**Supplied records:**
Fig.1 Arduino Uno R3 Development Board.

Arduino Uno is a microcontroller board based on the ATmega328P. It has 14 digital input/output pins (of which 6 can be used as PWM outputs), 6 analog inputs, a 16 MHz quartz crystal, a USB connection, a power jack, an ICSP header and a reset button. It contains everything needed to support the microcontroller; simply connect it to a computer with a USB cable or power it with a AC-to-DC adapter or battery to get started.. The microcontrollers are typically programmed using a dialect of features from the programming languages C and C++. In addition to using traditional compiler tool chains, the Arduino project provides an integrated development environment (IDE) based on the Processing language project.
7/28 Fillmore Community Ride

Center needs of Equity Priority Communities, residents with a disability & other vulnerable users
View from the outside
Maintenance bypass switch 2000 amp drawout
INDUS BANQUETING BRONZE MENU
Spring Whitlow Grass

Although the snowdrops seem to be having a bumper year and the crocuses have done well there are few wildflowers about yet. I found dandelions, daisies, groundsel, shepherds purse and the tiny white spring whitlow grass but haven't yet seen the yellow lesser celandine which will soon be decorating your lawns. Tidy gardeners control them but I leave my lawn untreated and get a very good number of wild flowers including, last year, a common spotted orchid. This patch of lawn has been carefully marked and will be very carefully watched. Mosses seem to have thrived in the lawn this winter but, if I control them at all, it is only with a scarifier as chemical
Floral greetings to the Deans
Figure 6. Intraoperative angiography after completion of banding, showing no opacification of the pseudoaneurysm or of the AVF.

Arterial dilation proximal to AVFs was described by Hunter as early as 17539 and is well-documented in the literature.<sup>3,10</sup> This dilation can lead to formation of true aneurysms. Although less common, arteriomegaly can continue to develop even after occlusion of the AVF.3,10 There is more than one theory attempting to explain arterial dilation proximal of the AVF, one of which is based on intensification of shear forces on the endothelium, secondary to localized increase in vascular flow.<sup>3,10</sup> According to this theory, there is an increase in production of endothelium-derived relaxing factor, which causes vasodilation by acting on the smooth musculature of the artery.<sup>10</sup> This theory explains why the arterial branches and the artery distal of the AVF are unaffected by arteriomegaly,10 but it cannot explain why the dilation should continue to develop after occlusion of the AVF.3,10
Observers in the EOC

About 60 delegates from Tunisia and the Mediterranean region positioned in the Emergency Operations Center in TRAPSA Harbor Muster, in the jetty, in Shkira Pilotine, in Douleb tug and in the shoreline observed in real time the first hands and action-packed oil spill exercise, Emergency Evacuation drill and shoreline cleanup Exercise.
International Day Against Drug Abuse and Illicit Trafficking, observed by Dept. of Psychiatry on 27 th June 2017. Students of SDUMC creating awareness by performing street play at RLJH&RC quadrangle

--

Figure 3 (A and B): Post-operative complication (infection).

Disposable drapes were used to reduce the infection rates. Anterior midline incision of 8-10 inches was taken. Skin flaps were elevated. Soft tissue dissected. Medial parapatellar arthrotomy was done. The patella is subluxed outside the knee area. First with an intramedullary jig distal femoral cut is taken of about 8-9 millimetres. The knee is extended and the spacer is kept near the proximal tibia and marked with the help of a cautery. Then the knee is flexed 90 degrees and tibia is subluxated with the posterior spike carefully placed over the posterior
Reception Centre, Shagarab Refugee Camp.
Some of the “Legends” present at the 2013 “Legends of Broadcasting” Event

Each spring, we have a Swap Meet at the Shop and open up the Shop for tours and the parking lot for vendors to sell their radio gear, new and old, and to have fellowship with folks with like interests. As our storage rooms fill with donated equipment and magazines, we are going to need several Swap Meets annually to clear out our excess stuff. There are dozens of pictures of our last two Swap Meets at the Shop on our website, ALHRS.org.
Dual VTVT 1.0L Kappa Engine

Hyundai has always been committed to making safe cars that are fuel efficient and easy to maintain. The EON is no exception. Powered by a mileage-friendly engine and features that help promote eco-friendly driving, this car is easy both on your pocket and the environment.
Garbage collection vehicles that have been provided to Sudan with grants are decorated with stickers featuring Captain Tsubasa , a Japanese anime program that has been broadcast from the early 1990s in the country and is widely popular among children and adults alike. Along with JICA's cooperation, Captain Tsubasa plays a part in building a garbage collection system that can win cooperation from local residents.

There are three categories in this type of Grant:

**Task goal:** Look above for the line holding "Although the snowdrops", then set down exactly that line and every line after it up to and including the line holding "Figure 6. Intraoperative", with nothing else.

**Task answer:**
Although the snowdrops seem to be having a bumper year and the crocuses have done well there are few wildflowers about yet. I found dandelions, daisies, groundsel, shepherds purse and the tiny white spring whitlow grass but haven't yet seen the yellow lesser celandine which will soon be decorating your lawns. Tidy gardeners control them but I leave my lawn untreated and get a very good number of wild flowers including, last year, a common spotted orchid. This patch of lawn has been carefully marked and will be very carefully watched. Mosses seem to have thrived in the lawn this winter but, if I control them at all, it is only with a scarifier as chemical
Floral greetings to the Deans
Figure 6. Intraoperative angiography after completion of banding, showing no opacification of the pseudoaneurysm or of the AVF.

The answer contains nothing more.